Director J Lee Thompson’s 1962 historical romantic adventure Taras Bulba stars Tony Curtis and Yul Brynner, who gets the title role of Cossack chieftain Taras Bulba, who helps the Poles defeat the Turks in the 16th century Ukraine, in this rousing historical epic story of the Cossacks’ fight for freedom from the Poles.
The uneasy alliance between the two nations turns to tragedy when Brynner’s son Andrei (Tony Curtis) falls in love with Polish aristocrat Natalie Dubrov (Christine Kaufmann) and turns against his father.
Curtis is, er, unusually cast as a 16th-century Cossack but he is not implausible at all compared with a rampaging Brynner and all his teeming extras.
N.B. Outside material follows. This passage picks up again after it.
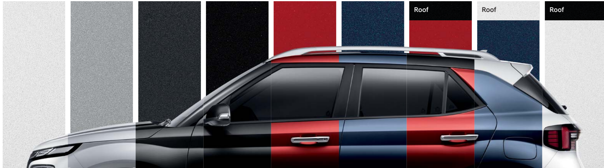
PWT Polar White T2X Typhoon Silver Metallic R4G Titan Grey Metallic X5B Phantom Black Pearl R4R Fiery Red Pearl TN6 Denim Blue Pearl RR6 Fiery Red Pearl + Black Roof TN3 The Denim Pearl + White Roof TTB Polar White + Black Roof

Director Thompson’s epic is a noisy and rousing piece of old-style Hollywood, full of cannon fire, romantic nonsense and massed horsemen thundering across the plains.
Waldo Salt and Karl Tunberg’s rather lumpy, stodgy screenplay, based on a novel by Nicolai Gogol, is redeemed by a lavish production with more than 250 speaking actors and a cast of thousands, plus striking, first-rate cinematography in Eastmancolor by Joe MacDonald and a stirring music score by Franz Waxman, which was Oscar and Golden Globe nominated for Best Score, the film’s sole nominations.
Taras Bulba, is filmed in Salta, Argentina, as well as at Universal Studios and Walt Disney’s Golden Oak Ranch in California, and based on a novel by Nicolai Gogol.
Also in the cast are Sam Wanamaker, Guy Rolfe, George Macready, Brad Dexter, Perry Lopez, Ilka Windish, Valdimir Sokoloff, Valdimir Irman, Abraham Sofaer, Mickey Finn, Richard Rust and Daniel Ocko.
It was expensive – $7,000,000 – and not terribly popular, taking $4,000,000 in the US.
The producers sought Jack Palance, who really was of Ukrainian descent, but he turned down the title role.
J Lee Thompson was coming straight off The Guns of Navarone and Cape Fear.
Christine Kaufmann met Tony Curtis on the set of Taras Bulba and they began dating when she was only 17. They were married from 8 February 1963 to 11 April 1968 (divorced, with two children. She won a Golden Globe for Most Promising Newcomer – Female for Town Without Pity (1961).